Парень с интересом смотрел, ожидая увидеть в роанах какие-то особенности, которые позволили бы раз и навсегда сказать: это не люди. Искал и не находил. Росточком люди-тюлени, правда, не вышли. Ну, так и динни ши, верные слуги королевы Маб, не великаны. В отличие от подземельщиков обитатели побережья казались смуглыми — ветер и солнце продубили кожу даже молоденьких женщин. Старухи были вообще темнокожими, подобно купцам, приезжавшим в Новгород из далеких южных городов Дамаска, Мосула и Тебриза. Тонкая кость и чуть раскосые глаза. Волосы черные и вьются. Не в кудряшки, как у новорожденных ягнят, а падают волнами, как у пиктов.

Как у Рианны…

Сколько дней он уже не видел ее?

Десять или двенадцать? А кажется, будто бы год. Или больше.

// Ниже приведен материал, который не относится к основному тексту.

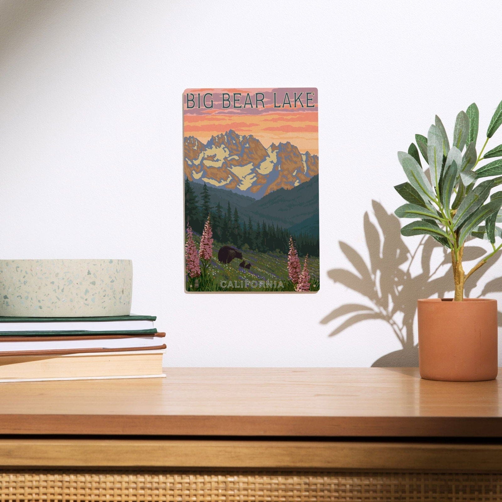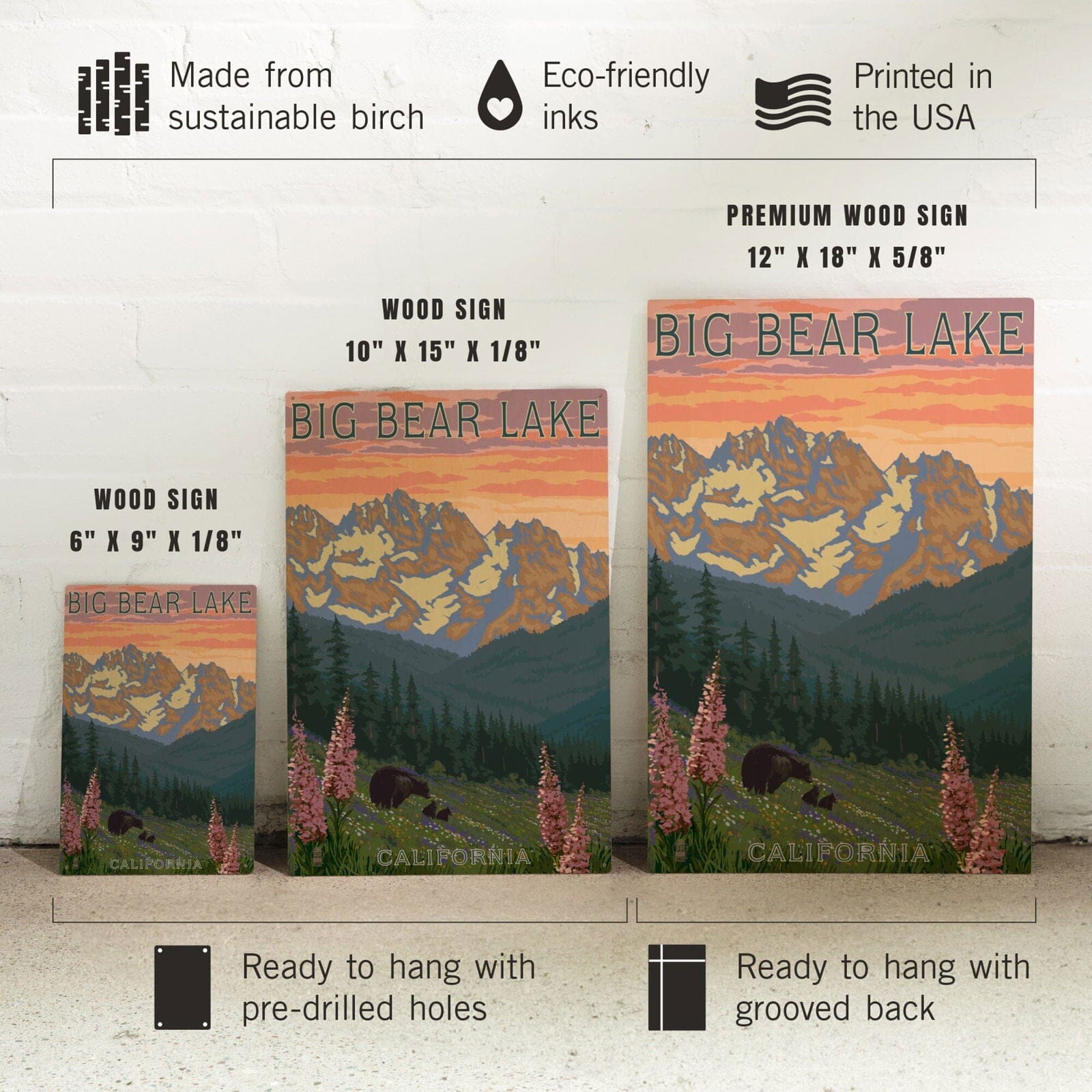 Big Bear Lake, California, Bear and Spring Flowers, Lantern Press Artwork, Wood Signs and Postcards
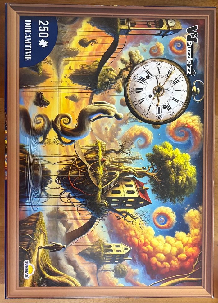 250 parçadan oluşan Dreamtime puzzle, büyük saat ve canlı altın tonlarıyla karanlık temalı sürreal bir sanat eserini içerir. Puzzle'z tarafından üretilmiştir.
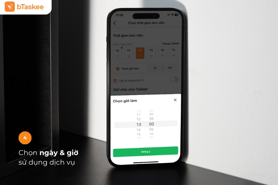 Khách hàng có thể đặt lịch bất cứ lúc nào, ở bất cứ đâu, chỉ trong vài thao tác qua ứng dụng bTaskee. Dễ dàng chọn hoặc thay đổi thời gian, địa điểm linh hoạt, kể cả trong ngày hoặc đặt lịch trước nhiều ngày.
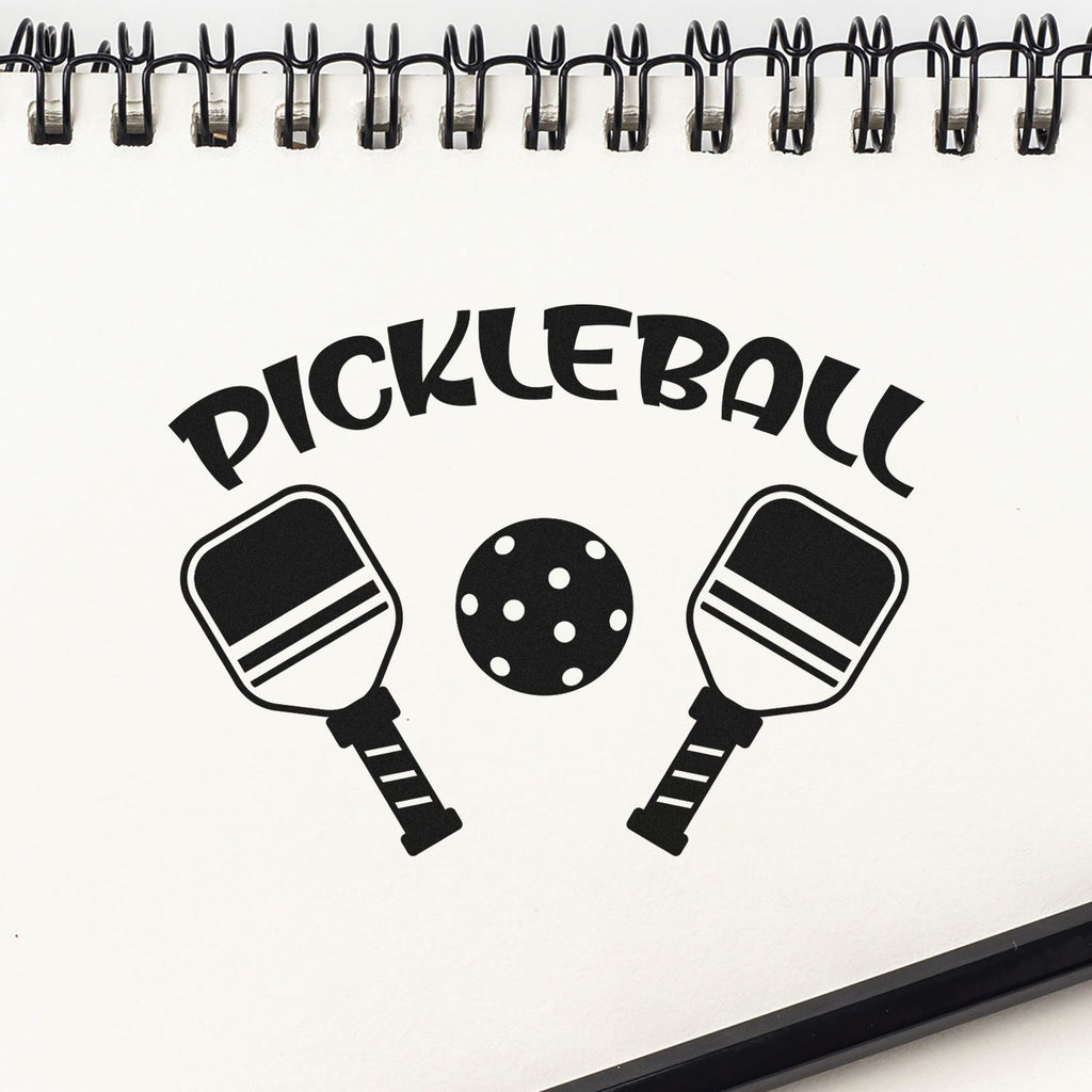 Born from players’ needs, this 1-5/8" square stamp drops a crisp graphic: two sleek paddles framing a perforated ball, with PICKLEBALL sweeping bold above—high-contrast black on white for instant visibility across busy courts.

«Ладно! К чему терзаться? Будем живы — свидимся. А нет, так и думать не о чем…»

Вратко тряхнул головой, отгоняя невеселые мысли. И увидел машущего рукой Олафа. Светловолосый викинг возился у костра вместе с оборотнем. Язычки пламени жадно лизали дно котелка, а Вульфер сосредоточенно сыпал в варево какую-то сушеную травку из мешочка. Не иначе здесь уже раздобыл — старый запас сакса вряд ли пережил купание в подземном озере.

Услышав негромкое покашливание из-за спины, словен обернулся и увидел сидящего прямо на земле Димитрия. Херсонит подслеповато щурился против солнца. На его коленях лежала раскрытая книга. Та самая, найденная в друидском схороне.

— Проснулся? — улыбнулся монах.

— Ага! — кивнул Вратко. — Ты тоже, я вижу.

— И я тоже. С жизнью прощался, честно признаюсь. Думал: не выплыву. Но ничего. Господь не оставил раба своего.

Херсонит перекрестился. Вратко последовал его примеру. Он после знакомства с отцом Бернаром начал испытывать отвращение к христианским символам, но почему-то общение с греком заставило парня взглянуть на религию и служащих ей людей совсем по-другому.

— На холодной земле сидишь, брат Димитрий, — помолчав, проговорил словен. — Простудишься, не приведи Господь.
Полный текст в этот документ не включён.